Education : Le coup de gueule d’Ali Bongo Ondimba contre les enseignants grévistes

mardi 18 septembre 2018 Politique


Dressant le week-end dernier, un bilan peu flatteur de l’éducation nationale, le Président de la République, Ali Bongo Ondimba, n’a pas manqué de jeter l’opprobre sur le corps enseignant qu’il considère être l’un des artisans de la dégradation du système scolaire gabonais au regard des revendications incessantes malgré les salaires confortables dont bénéficient certains enseignants et des avantages liés à leur fonction.

Annoncé le 16 août dernier, la veille du 58e anniversaire de l’indépendance du Gabon par le Président de la République lors de son discours de circonstance puis, analysé par le Professeur Patrick Toufick Mouguiama Daouda, coordonnateur général des travaux de l’étude sur la situation de l’éducation au Gabon, a donné lieu à un rapport de la Task Force sur l’éducation officiellement remis vendredi 14 septembre au Président de la République. Non encore diffusé, le bref bilan du contenu de ce rapport dresse un constat marqué par le niveau alarmant de dégradation de l’enseignement au Gabon. Redoublement, orientation, décrochage scolaire et résultat final du baccalauréat, le rapport final du Professeur montre une tendance générale à la baisse des indicateurs de performances scolaires. Cette tendance s’applique aussi bien aux cycles primaire, secondaire qu’à l’université.

En classe de 6e notamment, le taux de redoublement est évalué à environ 50% sur l’ensemble du territoire.
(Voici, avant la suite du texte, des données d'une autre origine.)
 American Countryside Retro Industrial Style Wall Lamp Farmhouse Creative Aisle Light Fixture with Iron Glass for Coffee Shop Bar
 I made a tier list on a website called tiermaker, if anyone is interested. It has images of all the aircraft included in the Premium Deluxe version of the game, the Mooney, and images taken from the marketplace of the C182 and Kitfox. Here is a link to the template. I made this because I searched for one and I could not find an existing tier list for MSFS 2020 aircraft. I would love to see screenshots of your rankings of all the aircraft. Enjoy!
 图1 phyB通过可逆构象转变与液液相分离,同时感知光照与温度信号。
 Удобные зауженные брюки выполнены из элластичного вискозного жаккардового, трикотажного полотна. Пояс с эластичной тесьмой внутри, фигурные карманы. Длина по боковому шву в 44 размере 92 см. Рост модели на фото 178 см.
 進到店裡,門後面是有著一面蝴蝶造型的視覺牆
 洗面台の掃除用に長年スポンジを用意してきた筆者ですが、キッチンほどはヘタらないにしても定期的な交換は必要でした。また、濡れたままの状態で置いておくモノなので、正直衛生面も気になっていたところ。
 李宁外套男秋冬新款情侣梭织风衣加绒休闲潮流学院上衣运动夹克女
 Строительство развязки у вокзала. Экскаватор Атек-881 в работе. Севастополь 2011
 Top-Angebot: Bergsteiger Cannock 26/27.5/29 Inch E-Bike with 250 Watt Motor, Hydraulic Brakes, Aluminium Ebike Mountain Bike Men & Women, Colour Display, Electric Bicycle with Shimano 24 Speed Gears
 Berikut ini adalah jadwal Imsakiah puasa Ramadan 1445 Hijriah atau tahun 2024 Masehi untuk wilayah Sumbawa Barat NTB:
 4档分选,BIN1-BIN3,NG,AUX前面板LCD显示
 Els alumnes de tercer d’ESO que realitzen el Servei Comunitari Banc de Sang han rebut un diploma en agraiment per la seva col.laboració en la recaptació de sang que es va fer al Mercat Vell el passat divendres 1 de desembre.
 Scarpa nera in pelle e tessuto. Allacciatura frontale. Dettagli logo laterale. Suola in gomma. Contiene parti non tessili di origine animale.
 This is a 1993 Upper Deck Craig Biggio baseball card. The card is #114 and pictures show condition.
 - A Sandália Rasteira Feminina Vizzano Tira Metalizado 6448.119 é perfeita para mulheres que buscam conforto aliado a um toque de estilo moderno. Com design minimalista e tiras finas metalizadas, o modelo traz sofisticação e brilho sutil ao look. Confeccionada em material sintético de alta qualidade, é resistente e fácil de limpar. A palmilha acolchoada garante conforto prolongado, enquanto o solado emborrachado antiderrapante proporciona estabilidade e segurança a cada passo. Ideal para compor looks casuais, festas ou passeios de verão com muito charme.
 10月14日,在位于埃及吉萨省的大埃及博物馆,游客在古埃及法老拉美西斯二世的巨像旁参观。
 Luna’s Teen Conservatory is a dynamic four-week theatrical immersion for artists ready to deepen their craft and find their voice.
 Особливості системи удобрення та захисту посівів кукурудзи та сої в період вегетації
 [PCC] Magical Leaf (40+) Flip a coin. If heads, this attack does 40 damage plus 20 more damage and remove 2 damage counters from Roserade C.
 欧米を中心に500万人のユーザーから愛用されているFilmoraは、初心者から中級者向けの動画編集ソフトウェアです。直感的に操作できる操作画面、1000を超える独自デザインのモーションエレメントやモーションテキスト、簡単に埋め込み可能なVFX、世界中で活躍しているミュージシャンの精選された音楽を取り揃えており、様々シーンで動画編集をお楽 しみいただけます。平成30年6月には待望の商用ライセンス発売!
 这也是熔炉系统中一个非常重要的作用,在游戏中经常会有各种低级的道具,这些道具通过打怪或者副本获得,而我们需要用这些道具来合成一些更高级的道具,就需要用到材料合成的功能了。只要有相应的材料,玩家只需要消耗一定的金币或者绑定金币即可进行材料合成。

Au cycle secondaire, seul 4% des élèves optent pour l’enseignement technique. Et en 2018, à peine 19% des bacheliers ont porté leur choix sur des filières techniques et scientifiques malgré le nouveau positionnement économique du Gabon en faveur de l’industrialisation. Cette tendance tend à avoir une répercussion sur le chômage galopant actuel mais peut aussi s’expliquer par bien des facteurs comme le manque d’une véritable culture nationale scientifique et des infrastructures de base. Chaque année, on note un taux de décrochage scolaire d’environ 40% des élèves du premier cycle.

Bien que conscient de la responsabilité du gouvernement dans cet échec du fait de l’inexistence d’une « politique » nationale éducative efficiente, le Président de la République ne manque pas moins de pointer un doigt accusateur en direction des enseignants grévistes.« Quand on voit les revendications continuelles d’un certain nombre d’enseignants pour ce genre de résultats, mais j’aurai honte en tant qu’enseignant ! J’aurai honte que dans ma classe, la moitié échoue ! » a fustigé le Président de la République . Pour lui, de tels résultats ne sont pas corolaires à leurs revendications surtout au regard des salaires dont bénéficient certains. « Je ne devrais pas réclamer comme je le fais alors que dans la fonction publique je suis parmi les mieux payés pour ce résultat-là  », a-t-il ajouté à l’occasion de la cérémonie de remise du rapport final sur l’état de l’éducation au Gabon.

Depuis quelques années en effet, les années scolaires sont rythmées au Gabon par des grèves à répétition déclenchées par les syndicats de l’éducation nationale regroupés au sein de la Confédération syndicale Dynamique Unitaire (DU) dont le Président est Jean Remy Yama, qui revendiquent des fondamentaux inhérents au fonctionnement d’une école comme des salles de classes, des bibliothèques… et des meilleurs conditions de traitement salarial. Ces revendications qui mettent en opposition le gouvernement et les partenaires sociaux débouchent souvent sur des grèves de longues durées qui au final pénalisent l’équilibre des années scolaires, par l’arrêt intempestif des cours. Avec les mesures d’austérités prises par le gouvernement en juin dernier, les mêmes syndicats ont promis boycotter l’année scolaire à venir. Depuis l’annonce de cette décision, ces derniers ne manquent pas de multiplier des actions pour dire « Non » à ces mesures. Le gouvernement attentif à leurs actions de lutte sur le terrain observe le moindre mouvement. Ces signaux sont peut-être le spectre d’un énième trouble d’un secteur vital comme celui de l’éducation.